Noch vor der Debatte zur Reform der Altersvorsorge 2020 war ich in einem Artikel für den Schweizer Monat kritisch, was die Mobilisierungskraft der Rentenreform betraf. Zu lange blieb eine organisierte Jugendkritik an den zu hohen Umwandlungssätzen aus. Zwar bewegt das Thema, aber beispielsweise lehnten 18- bis 29-Jährige am 7. März 2010 die Senkung des Umwandlungssatzes zu 88 Prozent ab. Die generell sehr klare Ablehnung war bei den jungen sogar deutlicher als bei den älteren Teilnehmenden.

Gemessen an der ersten SRG-Trendstudie zur Abstimmung vom 24. September 2017 wollen 43 Prozent der 18- bis 39-Jährigen an der Abstimmung teilnehmen. Das sind nach wie vor deutlich weniger als bei den Älteren, die zu über 60 Prozent teilnehmen wollen. Aber es sind auch mehr als zu Beginn der Kampagne zur Durchsetzungsinitiative. Damals nahmen schliesslich sehr viele Junge teil und die Mobilisierung erreichte mit 64 Prozent insgesamt Rekordwerte. Allerdings: Das Durchschnittsalter der Teilnehmenden wird etwa 57 Jahre betragen.

Der Schub bei Jungen ist überraschend. Noch ist aber für viele mobilisierte Junge unklar, was sie von der Vorlage halten sollen. 18- bis 39-Jährige neigen zurzeit etwas mehr dem Ja zu, sind aber im Vergleich zu Älteren vor allem signifikant stärker unentschieden.

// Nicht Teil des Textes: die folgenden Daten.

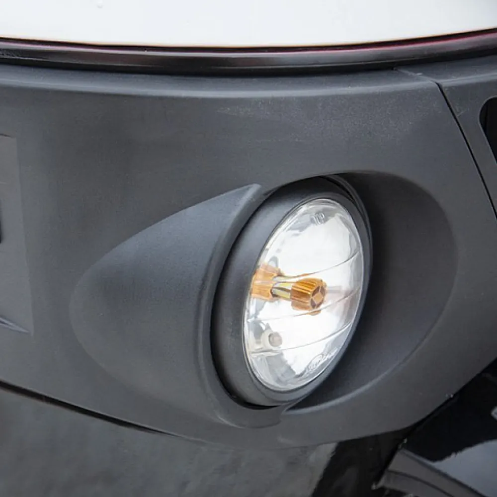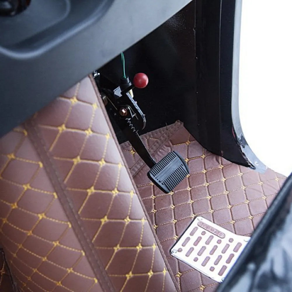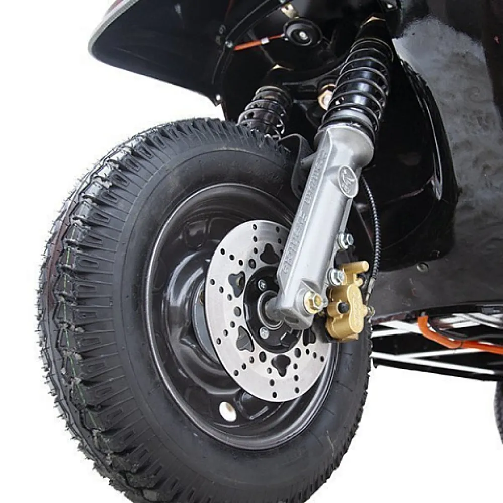 Удобство и комфорт езды обеспечены 2 мягкими анатомическими сиденьями. Наличие крыши позволяет спрятаться от негативного воздействия ультрафиолета и осадков. 12 дюймовые нактистые колеса способны преодолевать подъемы до 15 градусов, обеспечивать плавность езды по неровностям. Скорости контролируются с помощью ручки газа. Важные технические параметры с помощью бортового компьютера, размещенного на видимой части панели.

Inhaltlich bewegt sie die Frage der Generationensolidarität deutlich mehr als die Älteren. Dazu haben wir zwei Argumente getestet, welche die Stimmabsichten der Jüngeren mit beeinflussen:

"Die Reform belastet die Jungen zu stark und gefährdet damit die Generationensolidarität." Mit 52 Prozent (18% voll einverstanden; 34% eher einverstanden) stimmt eine knappe Mehrheit der mobilisierten 18- bis 39-Jährigen diesem Argument zu. Eine Mehrheit von 63 Prozent (42% eher nicht einverstanden; 21% überhaupt nicht einverstanden) glaubt umgekehrt nicht, dass dank der Reform die ungerechte Umverteilung von Altersvermögen von Jung zu Alt gestoppt werden kann. Beide Argumente zeigen: Die Erwartungen aus Sicht der Jungen sind noch unklar. Im Vordergrund steht auch bei ihnen die politische Frage, ob es sich um einen insgesamt ausgewogenen und seit langem notwendigen Kompromiss handelt.

Die Generationensolidarität ist aber in zweiter Linie zu einem Konfliktthema geworden. Der Nein-Kampagne ist es so überraschend früh und deutlich gelungen, die Debatte zu konkretisieren und statt auf das Morgen auf das Heute zu richten: Wer zahlt, wer profitiert? Die Frage individueller Vor- und Nachteile dürfte so betrachtet für Junge im Kampagnenverlauf eher noch wichtiger werden.